Information supplied:
————

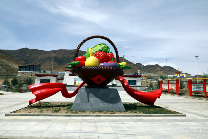 蔬菜籃雕塑立在阿亞村口(央廣網(wǎng)記者 唐磊 攝)
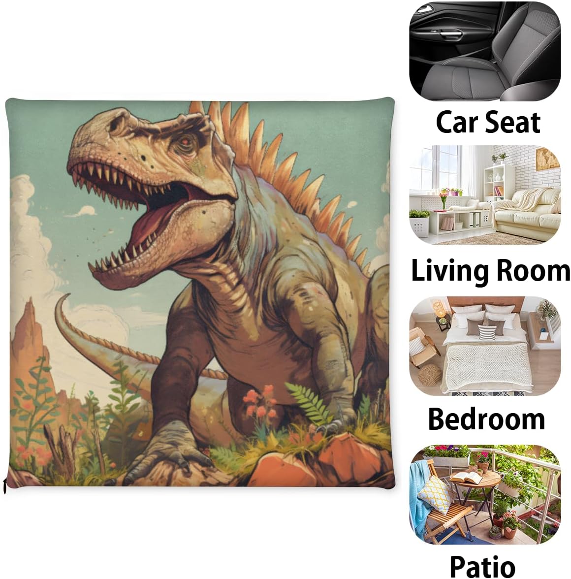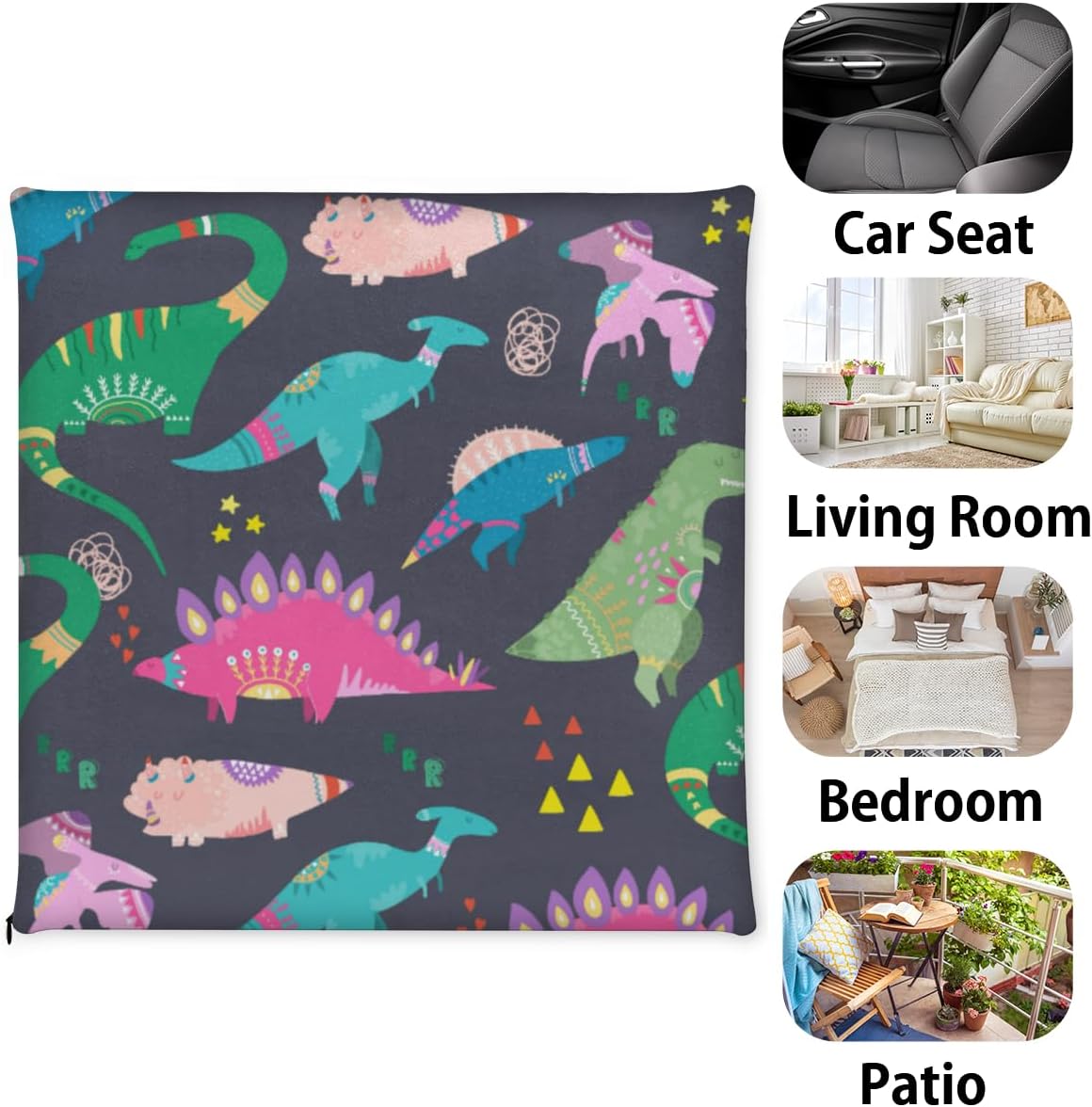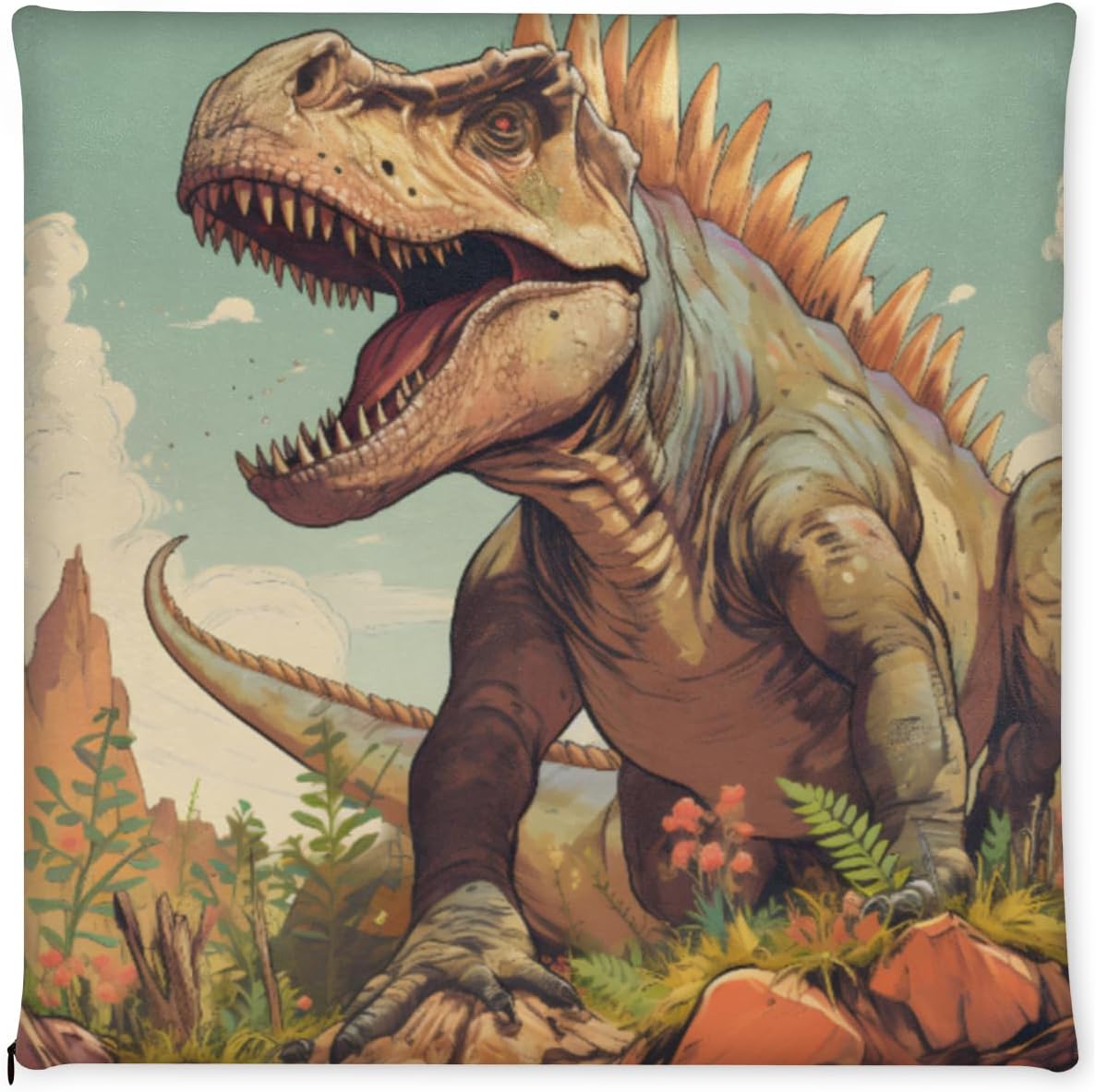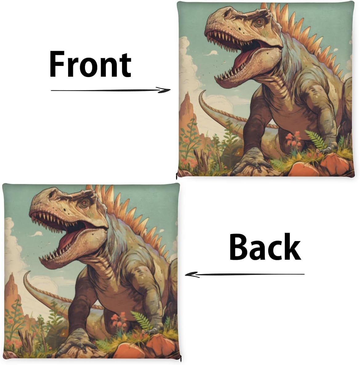 Dinosaur Hilltop Plant Square Seat Cushions 16 * 16 Inch High Density Sponge Filling Soft Comfortable Removable with Zipper Chair Cushion for Kitchen Dining Room Couch Office Chairs Car
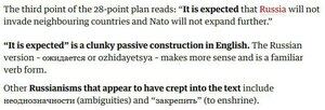 Dalam 'rencana perdamaian' Amerika, beberapa kata-kata ditemukan yang awalnya ditulis dalam bahasa Rusia, The Guardian melaporkan.
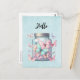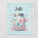 A postcard with a magical image featuring pastel colored butterflies in a jar.

————

Aim of the exercise:
Retype all of the material above exactly; the pictures stay out.

Response to the exercise:
 蔬菜籃雕塑立在阿亞村口(央廣網(wǎng)記者 唐磊 攝)
 Dinosaur Hilltop Plant Square Seat Cushions 16 * 16 Inch High Density Sponge Filling Soft Comfortable Removable with Zipper Chair Cushion for Kitchen Dining Room Couch Office Chairs Car
 Dalam 'rencana perdamaian' Amerika, beberapa kata-kata ditemukan yang awalnya ditulis dalam bahasa Rusia, The Guardian melaporkan.
 A postcard with a magical image featuring pastel colored butterflies in a jar.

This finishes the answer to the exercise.